Há questões que surgem – como o que motiva uma repreensão por um corpo que se exibe – e Cristina recorda uma das suas entrevistadas do seu estudo e tese O Género como Espartilho, que falava da nudez como uma forma de uniformização.

Um dos pontos mais marcantes destes primeiros 20 anos é, para a socióloga e outros estudiosos da área, como Gilles Lipovetsky, o consumo desenfreado e a felicidade paradoxal que acontece quando consumimos algo que não precisamos.

“O pronto a vestir trouxe uma democratização. Claro que essa democratização também implica vários níveis de consumo e para consumir é preciso poder consumir. Mas a partir do momento em que se entra nos últimos 20 anos numa fase de fast fashion, em que o consumo passa a ser mais desenfreado do que alguma vez foi, então pode-se falar disso como algo que vai permitir a mudança ou que toda a gente consuma de uma forma que não consumia antes.”

Mas, claro, “quando tens o corpo das mulheres envolvido, há logo debate”, adverte a socióloga.

Tendências recentes como o regresso da ‘nudez’ dos anos 2000 para as passerelles, a reformulação dos desfiles da Victoria’s Secret ou a forma como as mulheres dos dias de hoje celebram a gravidez e a barriga são palpações possíveis para um futuro risonho, mesmo que não sejam reveladoras do quotidiano que continua a difundir o corpo da mulher associado a diferentes estereótipos.
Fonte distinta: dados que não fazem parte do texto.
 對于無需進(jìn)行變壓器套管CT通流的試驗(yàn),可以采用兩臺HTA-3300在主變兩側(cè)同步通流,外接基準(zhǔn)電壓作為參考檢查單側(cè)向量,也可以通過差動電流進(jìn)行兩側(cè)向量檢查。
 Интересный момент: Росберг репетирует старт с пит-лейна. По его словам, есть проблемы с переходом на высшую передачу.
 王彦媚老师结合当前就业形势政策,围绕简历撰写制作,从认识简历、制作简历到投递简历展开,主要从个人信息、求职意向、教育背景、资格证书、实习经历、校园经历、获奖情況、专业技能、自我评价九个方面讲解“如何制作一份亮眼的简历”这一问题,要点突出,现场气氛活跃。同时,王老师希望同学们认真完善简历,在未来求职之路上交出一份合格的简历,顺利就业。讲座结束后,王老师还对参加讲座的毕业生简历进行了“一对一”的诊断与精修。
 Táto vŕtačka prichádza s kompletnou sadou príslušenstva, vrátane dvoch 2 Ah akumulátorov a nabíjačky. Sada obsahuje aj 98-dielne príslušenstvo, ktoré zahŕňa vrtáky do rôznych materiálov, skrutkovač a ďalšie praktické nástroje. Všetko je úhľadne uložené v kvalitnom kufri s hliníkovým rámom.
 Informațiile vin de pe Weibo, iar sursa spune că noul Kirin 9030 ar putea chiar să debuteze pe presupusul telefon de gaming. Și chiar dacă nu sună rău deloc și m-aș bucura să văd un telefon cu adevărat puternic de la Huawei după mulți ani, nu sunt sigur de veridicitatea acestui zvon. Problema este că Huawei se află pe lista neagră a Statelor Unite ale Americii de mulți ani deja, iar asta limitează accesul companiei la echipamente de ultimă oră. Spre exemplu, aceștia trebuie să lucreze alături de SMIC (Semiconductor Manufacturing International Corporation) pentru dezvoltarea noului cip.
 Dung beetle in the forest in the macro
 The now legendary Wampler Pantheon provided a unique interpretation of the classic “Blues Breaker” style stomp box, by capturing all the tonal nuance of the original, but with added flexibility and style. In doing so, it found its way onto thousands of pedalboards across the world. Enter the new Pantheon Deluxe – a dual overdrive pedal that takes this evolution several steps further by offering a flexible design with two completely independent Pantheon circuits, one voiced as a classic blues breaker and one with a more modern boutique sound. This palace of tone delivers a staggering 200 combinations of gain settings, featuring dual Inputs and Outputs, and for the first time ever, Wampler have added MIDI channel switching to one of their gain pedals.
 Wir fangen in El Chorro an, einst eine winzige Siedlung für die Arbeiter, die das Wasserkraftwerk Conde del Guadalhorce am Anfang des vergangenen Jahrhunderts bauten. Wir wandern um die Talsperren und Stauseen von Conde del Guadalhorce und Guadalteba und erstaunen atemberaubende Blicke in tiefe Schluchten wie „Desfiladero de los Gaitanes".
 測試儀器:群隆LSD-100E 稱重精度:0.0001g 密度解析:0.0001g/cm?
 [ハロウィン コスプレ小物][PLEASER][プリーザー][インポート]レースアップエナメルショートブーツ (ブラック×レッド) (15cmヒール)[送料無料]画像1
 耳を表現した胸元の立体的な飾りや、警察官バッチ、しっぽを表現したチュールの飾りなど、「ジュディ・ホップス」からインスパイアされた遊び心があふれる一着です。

Pelo bem do nosso amor-próprio, precisamos de celebrar, atentar e militar por atos que nos digam “este é o meu corpo, estou bem assim, esta sou eu”. É como escreve Naomi Woolf no seu tão necessário livro: “O mito da beleza prescreve comportamentos, não a aparência“.

A versão original deste artigo foi publicada na revista Saber Viver nº 268, outubro de 2022.